Whenever the memory squeezes happen my network functionality really breaks. Is
there a fix that *will* work? 
Comment 8 Andre Blum 2007-09-03 11:48:23 CDT
I forgot to add that this is on a 3.0.3 xen on debian etch, running on amd64
architecture. all user domains connected to default br-xen bridge device in
hypervisor.
Comment 9 Tariq Subra 2008-09-24 04:36:17 CDT
On Redhat release 5.2 get the same error, net result is we loose connection to
DomU virtual servers. Up to 7 virtual servers there were no problem, when I
introduced 2 more virtual servers.
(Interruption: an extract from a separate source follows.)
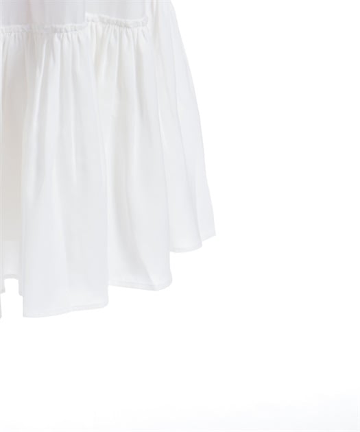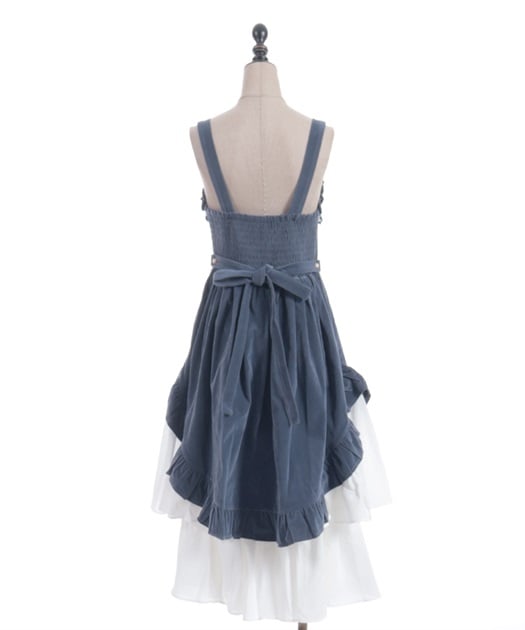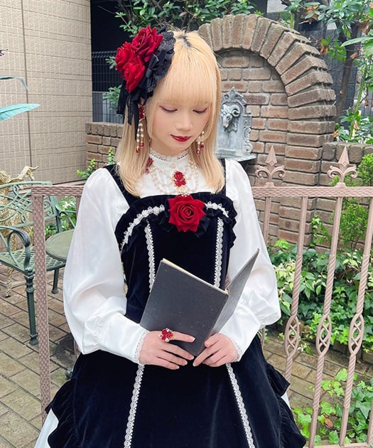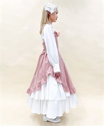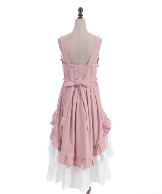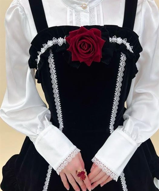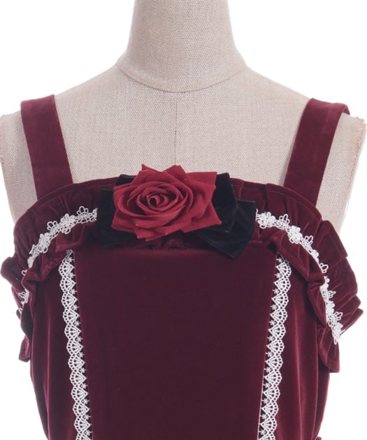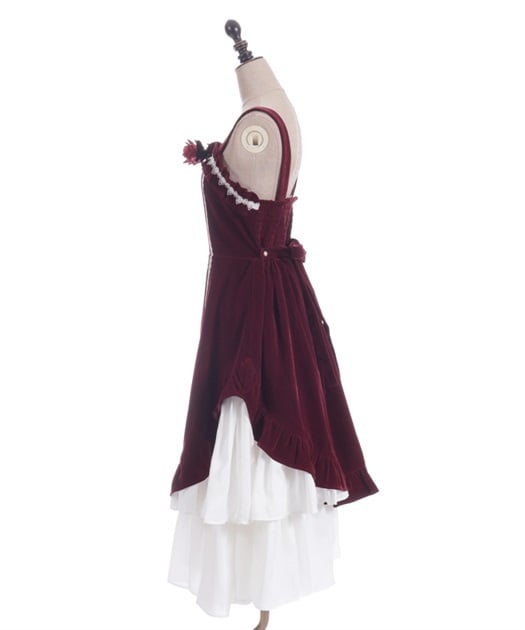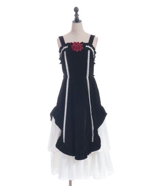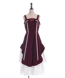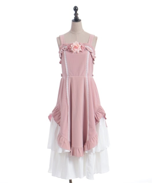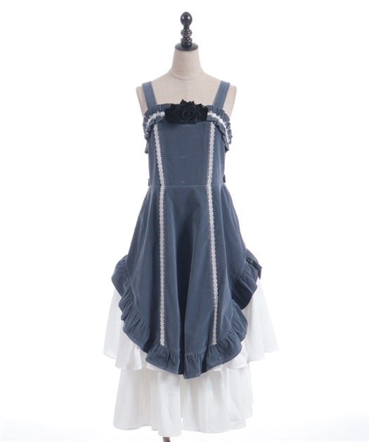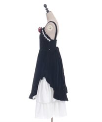 ウエスト周りがすっきりした裾広がりのラインに異素材のフリルがあしらわれています。胸元の薔薇はブローチになっているので取り外し可能です。

I lost connection with domU virtual servers.
Dom0 is fine.
Comment 10 Munroe 2009-02-05 20:36:21 CST
I experience this as well on a debian system 3.0.3, kernel 2.6.18
Comment 11 John 2010-10-18 08:27:10 CDT
I am getting this on CentOS 5.5 also, running Xen 3.1.2-194.11.4.el5.  This is
causing a big problem because all my VM images reside on a iSCSI NAS device,
and when this error occurs, it knocks the NFS mount offline and causes all the
VMs to crash.  I see several suggestions, and other replies saying it did not
work.  Has anyone come up with a reliable fix this?
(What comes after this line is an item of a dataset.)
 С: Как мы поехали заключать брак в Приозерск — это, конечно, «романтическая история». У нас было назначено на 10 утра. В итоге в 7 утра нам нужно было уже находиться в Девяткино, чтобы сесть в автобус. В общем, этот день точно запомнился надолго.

Comment 12 Paolo Bonzini 2010-12-07 02:33:08 CST
This will be fixed in RHEL/CentOS 5.6.  The cause is usually ballooning.

The workaround that you can apply in older guests is to add the rx_copy=1
option to netfront.  Unfortunately that is not enough, as you need the patch of
https://bugzilla.redhat.com/show_bug.cgi?id=653501 in the host.  This one is
also scheduled for 5.6, but it will also be backported to 5.5.